Personal information
- Born: January 29, 1982 (age 44) Pine Bluff, Arkansas, U.S.
- Listed height: 6 ft 1 in (1.85 m)
- Listed weight: 201 lb (91 kg)

Career information
- High school: Pine Bluff
- College: Arkansas–Pine Bluff (2001–2002); Oklahoma (2003–2004);
- NFL draft: 2005: 2nd round, 39th overall pick

Career history
- Chicago Bears (2005–2008); Kansas City Chiefs (2008–2009); Tampa Bay Buccaneers (2009); New Orleans Saints (2010)*;
- * Offseason and/or practice squad member only

Career NFL statistics
- Receptions: 92
- Receiving yards: 1,283
- Receiving touchdowns: 9
- Stats at Pro Football Reference

= Mark Bradley =

American football player (born 1982)

Mark Anthony Bradley (born January 29, 1982) is an American former professional football player who was a wide receiver and punt returner for five seasons in the National Football League (NFL). He was selected by the Chicago Bears in the second round of the 2005 NFL draft. He played college football for the Oklahoma Sooners.

Bradley was also a member of the Kansas City Chiefs, Tampa Bay Buccaneers, and New Orleans Saints.

==Professional career==

Pre-draft measurables
| Height | Weight | 40-yard dash | 10-yard split | 20-yard split | 20-yard shuttle | Three-cone drill | Vertical jump | Broad jump |
| 6 ft 1+3⁄8 in (1.86 m) | 201 lb (91 kg) | 4.32 s | 1.60 s | 2.64 s | 3.98 s | 6.96 s | 39+1⁄2 in (1.00 m) | 10 ft 8 in (3.25 m) |
All values from NFL Combine.

===Chicago Bears===
Due to a season-ending injury against the Detroit Lions, Bradley was a small part of the Bears 2005 offense, starting only eight games, and recording just 18 receptions for 230 yards.

Following an injury to Bernard Berrian during week nine of the 2006 season, Bradley became a productive asset for the Bears’ offense. While filling in for Berrian in the following weeks, Bradley caught two touchdown passes for 202 yards. He scored a 75-yard touchdown during the season finale in a 26–7 loss to the Green Bay Packers.

Bradley was released by the Bears on September 23, 2008, after the team signed cornerback Marcus Hamilton.

===Kansas City Chiefs===
Bradley was signed by the Kansas City Chiefs on October 1, 2008. He threw the first touchdown pass of his career to quarterback Tyler Thigpen, on a wide-receiver reverse trick play, against the Tampa Bay Buccaneers.

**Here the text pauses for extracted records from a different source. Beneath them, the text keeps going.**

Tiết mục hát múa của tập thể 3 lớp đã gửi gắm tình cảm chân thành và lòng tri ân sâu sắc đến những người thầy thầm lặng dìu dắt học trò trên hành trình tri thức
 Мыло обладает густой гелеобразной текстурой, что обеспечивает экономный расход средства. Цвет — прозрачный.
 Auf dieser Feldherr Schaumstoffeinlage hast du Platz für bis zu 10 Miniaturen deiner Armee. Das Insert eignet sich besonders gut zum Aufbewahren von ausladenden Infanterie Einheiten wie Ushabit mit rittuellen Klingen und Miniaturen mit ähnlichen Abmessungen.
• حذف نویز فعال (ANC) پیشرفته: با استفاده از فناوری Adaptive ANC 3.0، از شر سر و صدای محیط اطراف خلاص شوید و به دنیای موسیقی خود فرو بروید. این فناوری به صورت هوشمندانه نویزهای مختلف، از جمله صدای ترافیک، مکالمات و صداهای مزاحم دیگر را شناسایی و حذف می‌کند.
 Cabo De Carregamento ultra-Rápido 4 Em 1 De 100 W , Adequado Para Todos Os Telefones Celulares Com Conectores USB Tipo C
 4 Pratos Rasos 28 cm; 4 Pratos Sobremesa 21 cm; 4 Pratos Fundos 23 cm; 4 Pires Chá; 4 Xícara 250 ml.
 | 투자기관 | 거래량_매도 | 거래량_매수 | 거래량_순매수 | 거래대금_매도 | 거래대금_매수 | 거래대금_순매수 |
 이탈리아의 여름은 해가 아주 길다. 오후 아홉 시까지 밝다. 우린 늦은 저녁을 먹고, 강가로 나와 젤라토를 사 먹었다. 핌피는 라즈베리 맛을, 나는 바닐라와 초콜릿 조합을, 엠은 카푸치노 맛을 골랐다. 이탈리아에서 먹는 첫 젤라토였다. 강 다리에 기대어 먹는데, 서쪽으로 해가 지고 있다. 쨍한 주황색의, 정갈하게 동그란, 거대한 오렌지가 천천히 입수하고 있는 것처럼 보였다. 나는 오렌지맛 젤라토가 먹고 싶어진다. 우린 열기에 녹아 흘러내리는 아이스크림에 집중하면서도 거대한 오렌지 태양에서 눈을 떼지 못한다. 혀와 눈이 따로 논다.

Bradley was released by the team on December 22, 2009, after the team re-signed wide receiver Quinten Lawrence.

===Tampa Bay Buccaneers===
Bradley was claimed off waivers by the Tampa Bay Buccaneers on December 23, 2009.

Bradley was released by the Buccaneers on June 16, 2010, to make room for sixth-round draft pick Brent Bowden. He failed to appear in a single game for the Buccaneers.

===New Orleans Saints===
Bradley signed with the New Orleans Saints on August 6, 2010. The Saints released Bradley on August 24.

==Personal life==
Bradley's father, Danny Bradley, played for the Los Angeles Rams and Detroit Lions. His mother Deborah Perry raised him in Pine Bluff, Arkansas.